TASK
Reproduce exactly the lines below from the one containing "この日は寒すぎるがゆえにスウ" through the one containing "Czarne trampki damskie ze skóry licowej 005-59622-CZ-1Czarne", including both, and nothing else.
>>
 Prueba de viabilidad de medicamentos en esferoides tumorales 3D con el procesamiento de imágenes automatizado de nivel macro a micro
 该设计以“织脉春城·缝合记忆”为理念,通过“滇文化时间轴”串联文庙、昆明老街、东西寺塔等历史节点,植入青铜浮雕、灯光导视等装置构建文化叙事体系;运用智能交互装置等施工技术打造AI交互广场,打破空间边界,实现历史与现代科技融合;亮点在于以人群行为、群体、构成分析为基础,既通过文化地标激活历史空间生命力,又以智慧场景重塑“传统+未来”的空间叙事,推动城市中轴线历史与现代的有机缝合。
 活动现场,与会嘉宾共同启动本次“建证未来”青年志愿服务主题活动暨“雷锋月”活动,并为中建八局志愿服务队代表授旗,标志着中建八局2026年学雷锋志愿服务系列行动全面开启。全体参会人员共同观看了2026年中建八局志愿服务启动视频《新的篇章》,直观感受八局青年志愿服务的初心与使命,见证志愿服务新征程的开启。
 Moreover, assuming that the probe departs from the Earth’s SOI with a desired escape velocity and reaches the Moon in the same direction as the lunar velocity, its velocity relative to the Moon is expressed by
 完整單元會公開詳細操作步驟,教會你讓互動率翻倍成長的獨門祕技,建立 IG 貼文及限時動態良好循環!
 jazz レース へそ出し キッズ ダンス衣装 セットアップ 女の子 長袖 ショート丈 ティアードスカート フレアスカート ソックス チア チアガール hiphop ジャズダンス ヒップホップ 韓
<<
>>
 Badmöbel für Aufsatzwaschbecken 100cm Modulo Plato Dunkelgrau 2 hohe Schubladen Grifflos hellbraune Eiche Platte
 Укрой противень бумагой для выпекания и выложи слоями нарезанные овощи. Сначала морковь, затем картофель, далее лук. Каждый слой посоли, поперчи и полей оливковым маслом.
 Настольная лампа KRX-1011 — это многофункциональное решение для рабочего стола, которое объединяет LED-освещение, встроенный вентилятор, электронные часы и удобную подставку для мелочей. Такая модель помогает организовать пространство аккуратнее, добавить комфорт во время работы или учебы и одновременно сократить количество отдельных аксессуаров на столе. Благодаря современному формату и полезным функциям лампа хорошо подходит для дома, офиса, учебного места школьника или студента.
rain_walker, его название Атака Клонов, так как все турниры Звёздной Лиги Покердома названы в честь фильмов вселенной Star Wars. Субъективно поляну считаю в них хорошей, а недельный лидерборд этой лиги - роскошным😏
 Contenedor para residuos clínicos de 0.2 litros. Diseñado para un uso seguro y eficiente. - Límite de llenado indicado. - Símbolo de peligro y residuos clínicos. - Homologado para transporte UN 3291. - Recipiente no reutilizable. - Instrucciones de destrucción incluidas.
<<
>>
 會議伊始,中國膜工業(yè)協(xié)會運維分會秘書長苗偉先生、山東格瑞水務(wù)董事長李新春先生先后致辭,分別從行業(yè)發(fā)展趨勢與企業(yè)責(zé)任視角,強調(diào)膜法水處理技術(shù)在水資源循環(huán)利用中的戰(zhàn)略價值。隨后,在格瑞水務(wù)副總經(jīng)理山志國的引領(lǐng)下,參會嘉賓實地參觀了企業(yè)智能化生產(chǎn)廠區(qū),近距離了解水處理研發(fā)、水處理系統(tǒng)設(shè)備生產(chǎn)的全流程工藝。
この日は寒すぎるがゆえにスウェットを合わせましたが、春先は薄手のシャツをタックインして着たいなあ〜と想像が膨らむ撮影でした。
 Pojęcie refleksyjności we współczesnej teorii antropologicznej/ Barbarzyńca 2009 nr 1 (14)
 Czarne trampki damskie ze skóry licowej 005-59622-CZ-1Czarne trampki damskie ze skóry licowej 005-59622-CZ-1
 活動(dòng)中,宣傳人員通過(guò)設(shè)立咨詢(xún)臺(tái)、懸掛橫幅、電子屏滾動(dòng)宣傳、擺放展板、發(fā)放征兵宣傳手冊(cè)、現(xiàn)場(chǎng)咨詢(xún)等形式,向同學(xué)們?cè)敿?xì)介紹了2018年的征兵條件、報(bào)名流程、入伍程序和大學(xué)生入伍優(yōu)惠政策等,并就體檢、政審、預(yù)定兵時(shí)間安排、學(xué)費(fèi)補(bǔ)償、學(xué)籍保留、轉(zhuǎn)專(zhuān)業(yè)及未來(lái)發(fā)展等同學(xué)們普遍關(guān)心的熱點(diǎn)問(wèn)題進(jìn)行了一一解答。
<<
WRITTEN ANSWER
この日は寒すぎるがゆえにスウェットを合わせましたが、春先は薄手のシャツをタックインして着たいなあ〜と想像が膨らむ撮影でした。
 Pojęcie refleksyjności we współczesnej teorii antropologicznej/ Barbarzyńca 2009 nr 1 (14)
 Czarne trampki damskie ze skóry licowej 005-59622-CZ-1Czarne trampki damskie ze skóry licowej 005-59622-CZ-1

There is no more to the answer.